Süddeutsche Zeitung

Sterbezeitpunkt:Wann ist ein Mensch tot?

Mehr kulturelle Gepflogenheit als wissenschaftliches Vorgehen: In den USA stellen viele Ärzte schon den Todesschein aus, wenn das Herz nur wenige Minuten stillsteht. In Italien warten Mediziner 20 Minuten, in Deutschland gibt es gar keine einheitlichen Regeln. Wissenschaftlern bereiten diese absurden Unterschiede bei der Todesfeststellung Sorgen.

Von Christina Berndt

Wann ist ein Mensch tot? Wenn sein Herz nicht mehr schlägt? Wenn sein Herz seit fünf Minuten nicht mehr schlägt? Oder sollten Ärzte lieber 20 Minuten warten, bevor sie einen Totenschein ausstellen? In den verschiedenen Ländern des Erdballs werde bei der Todesfeststellung absurd unterschiedlich vorgegangen, monierten Mediziner nun auf der Jahrestagung der Europäischen Gesellschaft für Anästhesiologie, die derzeit in Barcelona stattfindet.

Die Ärzte forderten eine internationale Vereinheitlichung der Standards, wann und wie ein Mensch für tot erklärt werde. Die Kriterien für die Todesfeststellung müssten anhand wissenschaftlicher Fakten verbessert werden und dürften nicht das Ergebnis unterschiedlicher kultureller Herangehensweisen sein, forderten die Mediziner. Es könne nicht richtig sein, dass international so unterschiedliche Kriterien gelten.
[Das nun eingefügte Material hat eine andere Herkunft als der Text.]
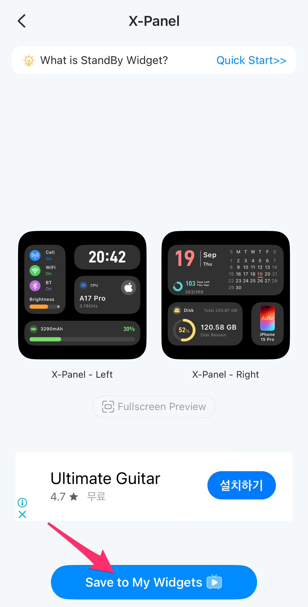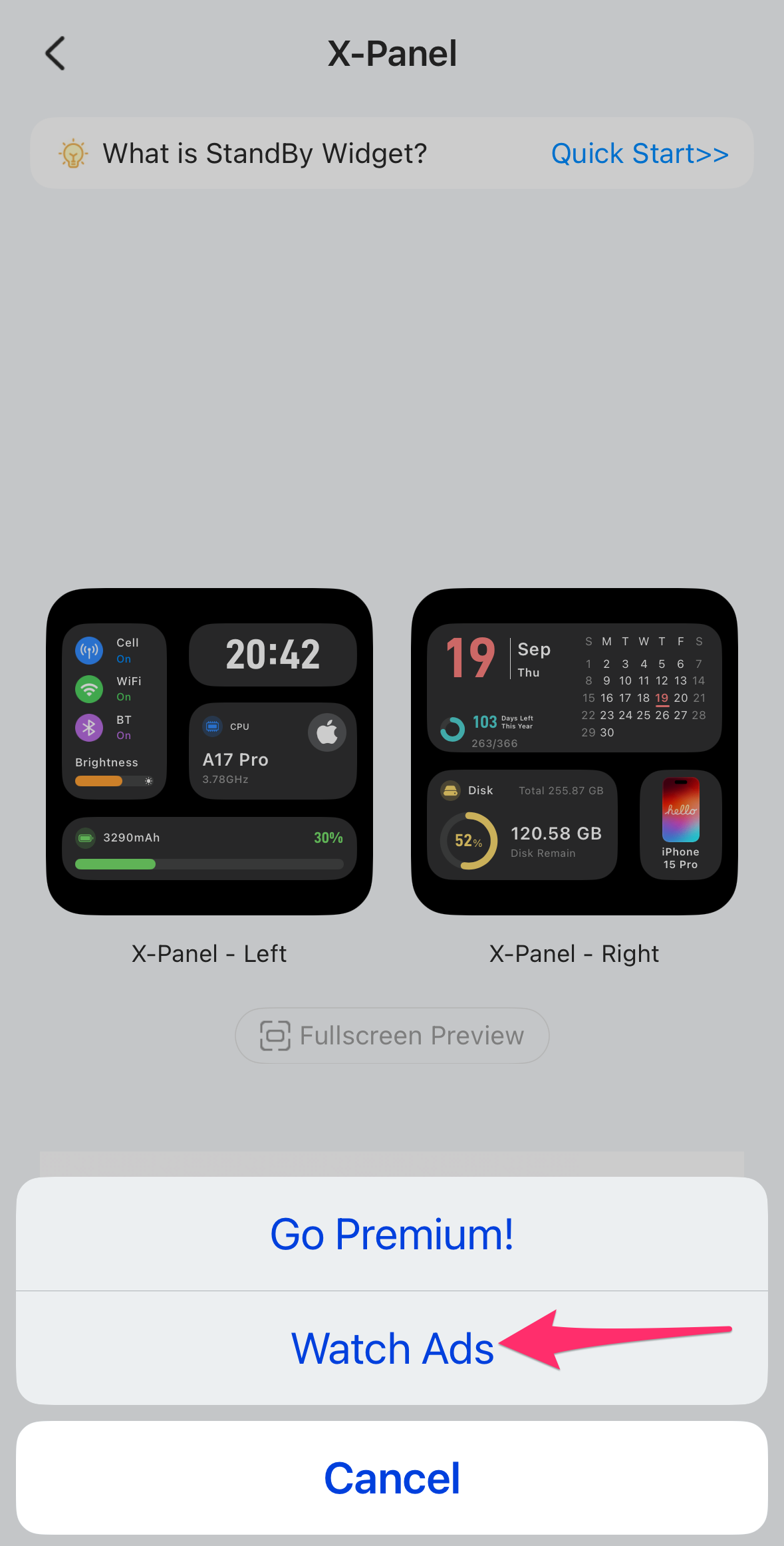 하단 Save to My Widgets 버튼을 누른 후에 Watch Ads를 선택합니다.
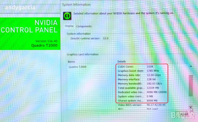Картата е NVidia Quadro T2000 4GB 128bit. 1024 Cuda Cores - видеото е на слот.

Auch müsste durch striktere Richtlinien für die Todesfeststellung verhindert werden, dass Menschen für tot erklärt werden, die es gar nicht sind. Dies komme zwar selten, aber doch immer wieder einmal vor, sagte Alex Manara vom Frenchay Hospital in Bristol. Er hat die Fachliteratur nach solchen furchtbaren Fehleinschätzungen durchforstet und dabei immerhin 30 ausführlich beschriebene Fälle gefunden. Die Zahl der nicht publizierten Fälle dieser Art werde diese Zahl aber vermutlich um ein Vielfaches übersteigen, so Manara.
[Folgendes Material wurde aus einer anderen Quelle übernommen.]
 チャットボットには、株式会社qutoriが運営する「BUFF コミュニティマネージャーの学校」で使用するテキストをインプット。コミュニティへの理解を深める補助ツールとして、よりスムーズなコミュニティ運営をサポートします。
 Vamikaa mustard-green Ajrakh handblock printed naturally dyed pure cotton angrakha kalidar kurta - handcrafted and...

Gerade moderne Techniken machten zunehmend deutlich, dass die klare Linie zwischen Leben und Tod verwische, stellten die Ärzte fest. Deshalb müssten moderne Techniken stärker einbezogen werden, wenn es um so wichtige Entscheidungen gehe wie die Fortbehandlung eines Menschen.
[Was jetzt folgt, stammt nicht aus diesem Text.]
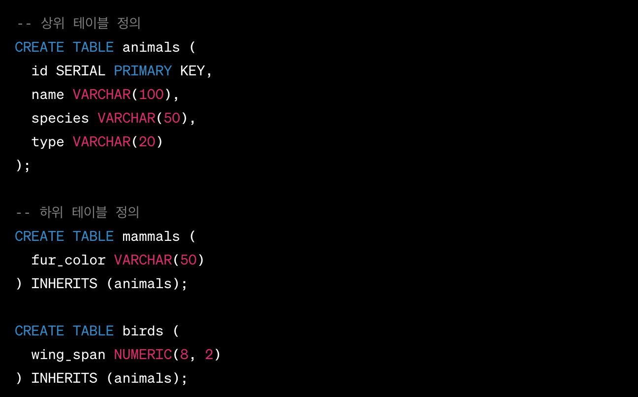 - SELECT 문 확장: 상속된 테이블의 데이터는 자동으로 상위 테이블에도 포함됩니다. 따라서 SELECT 문을 실행할 때, 상위 테이블을 대상으로 하더라도 하위 테이블의 데이터도 함께 반환됩니다.
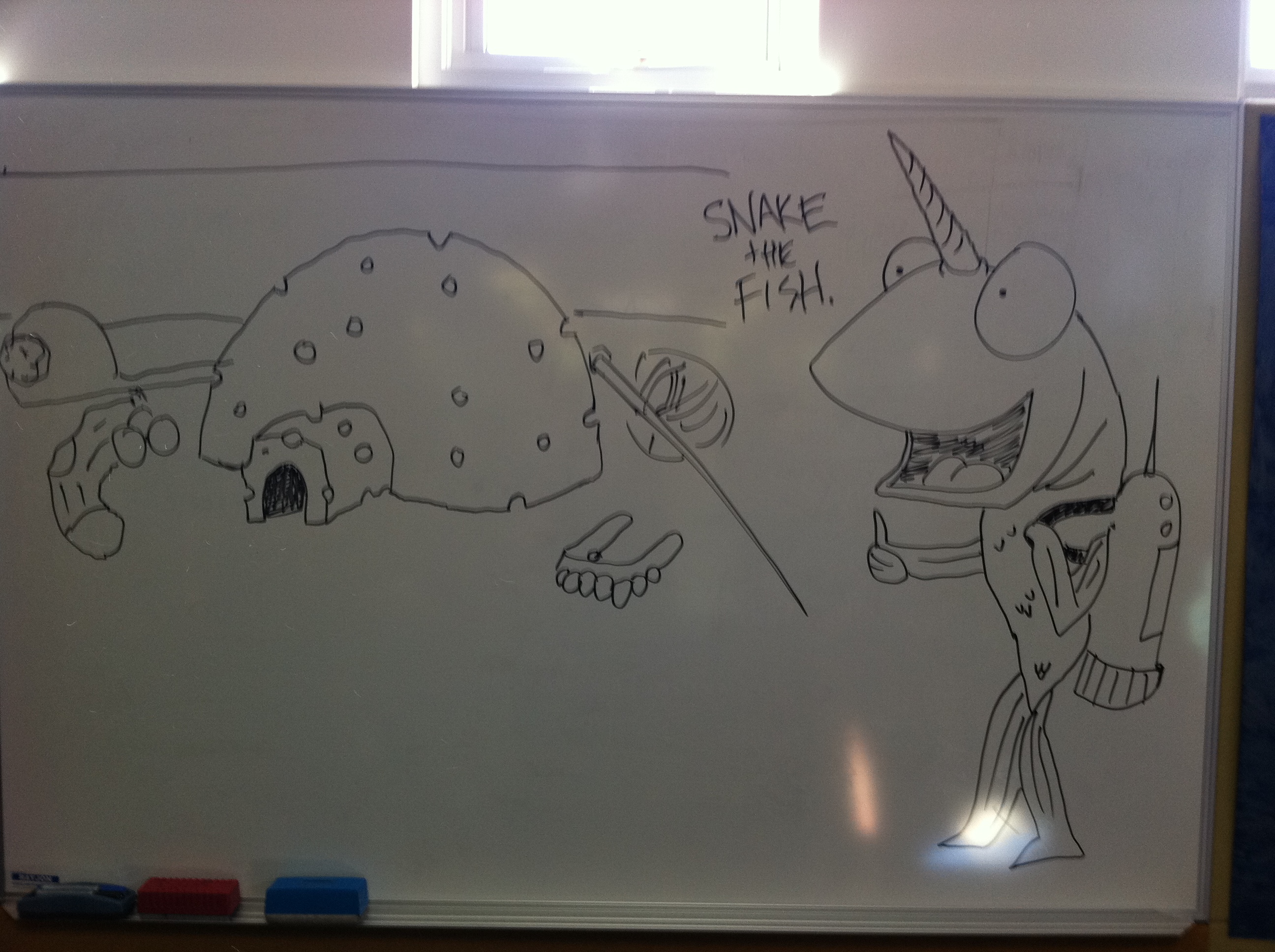 Here we have Snake the unicorn fish that wears a jetpack. He lives in an igloo made of cheese in an old ladies suitcase.
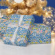 Batik Style Pattern Dots Flowers Blue Background Wrapping Paper

Die Mediziner führten die Hirnstrommessung oder auch die Positronenemissionstomographie (PET) an, mit deren Hilfe Stoffwechselprozesse im Körper sichtbar gemacht werden können. Auch die Weltgesundheitsorganisation WHO hat das Thema bereits für sich entdeckt. Sie will helfen, eine weltweit gültige Regelung zu erarbeiten; diese soll letztlich auch beinhalten, wie viele Minuten lang Ärzte einen Patienten beobachten müssen, bevor sie ihn für tot erklären.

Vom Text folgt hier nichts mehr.